WHAT IS BEING ASKED –
What you return should be the full listing, word for word, without a single image.

___ RAW DATA

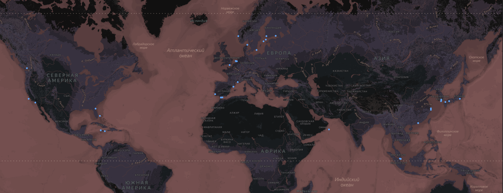 Карта расположения 43 действующего СПГ-бункеровщиков по состоянию на 1 июля 2025 года
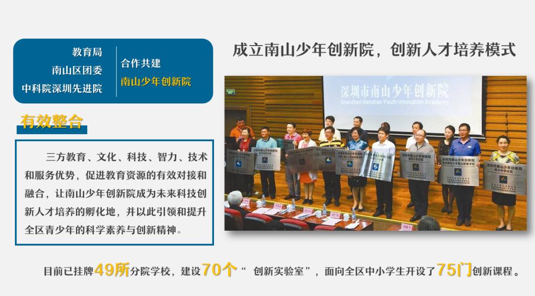 南山少年创新院是深圳市首个公益性青少年校外创客服务平台,以服务7-15周岁少年自主创新实践为核心理念,培养具有独立思考能力且具有创新精神品质和实践能力的人才。目前,南山少年创新院分院学校达到49所。
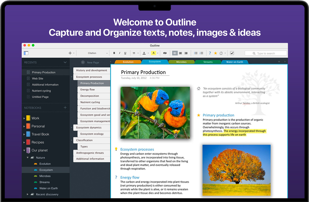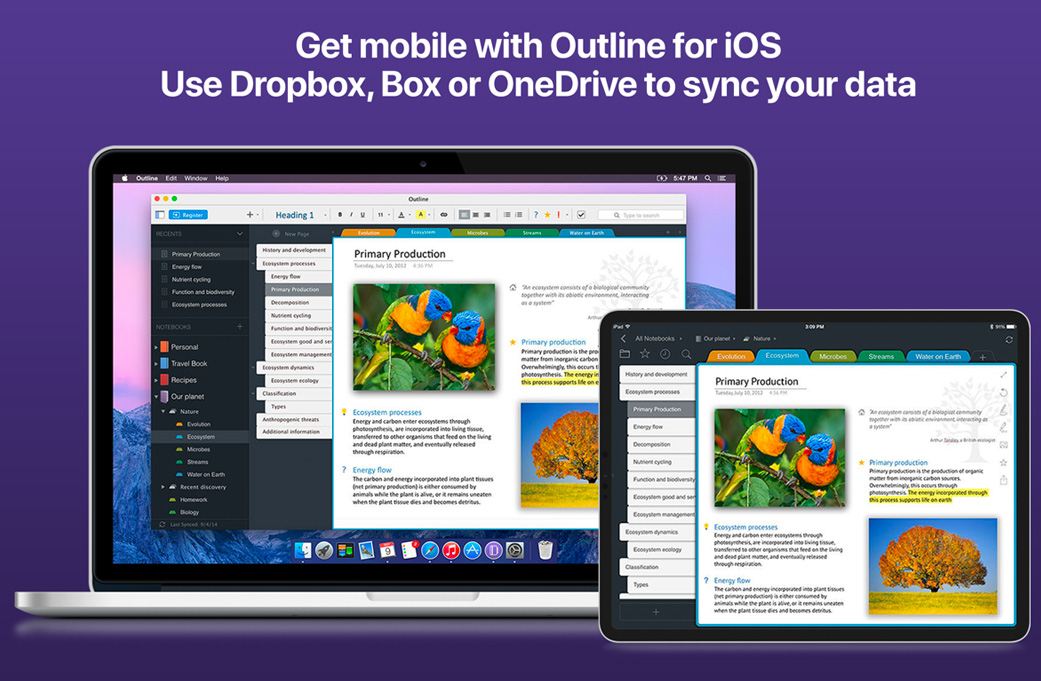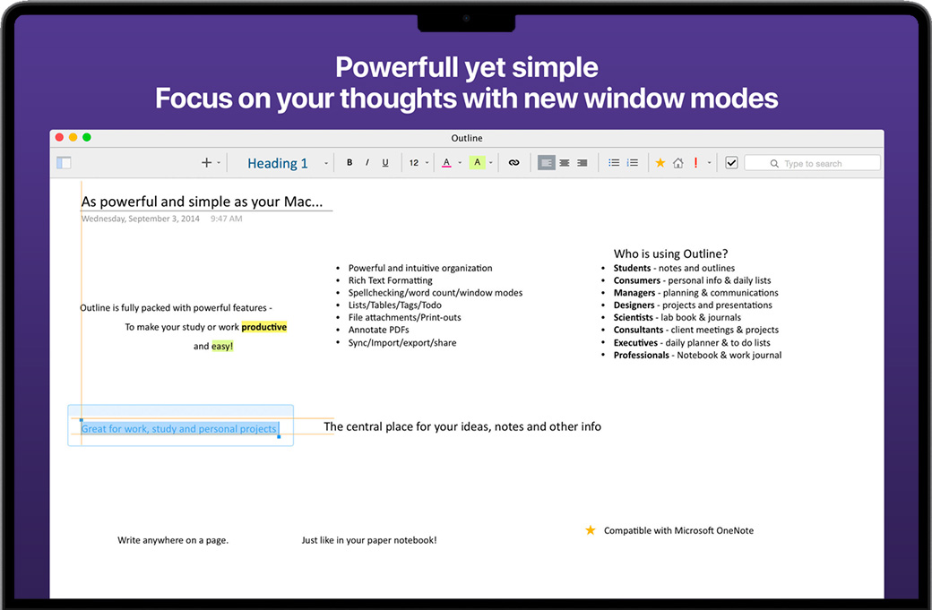 Outline for Mac 是一款优秀的笔记软件,在Mac上的笔记类软件中,如果论软件的易用性和界面设计,Outline绝对要比知名的印象笔记和OneNote要优秀很多倍,Outline能够兼容微软OneNote格式,支持Dropbox、Box、SkyDrive数据同步,加密、添加附件、Retina屏幕等功能,非常强大的一款笔记软件!

______

ANSWER SPACE –
 Карта расположения 43 действующего СПГ-бункеровщиков по состоянию на 1 июля 2025 года
 南山少年创新院是深圳市首个公益性青少年校外创客服务平台,以服务7-15周岁少年自主创新实践为核心理念,培养具有独立思考能力且具有创新精神品质和实践能力的人才。目前,南山少年创新院分院学校达到49所。
 Outline for Mac 是一款优秀的笔记软件,在Mac上的笔记类软件中,如果论软件的易用性和界面设计,Outline绝对要比知名的印象笔记和OneNote要优秀很多倍,Outline能够兼容微软OneNote格式,支持Dropbox、Box、SkyDrive数据同步,加密、添加附件、Retina屏幕等功能,非常强大的一款笔记软件!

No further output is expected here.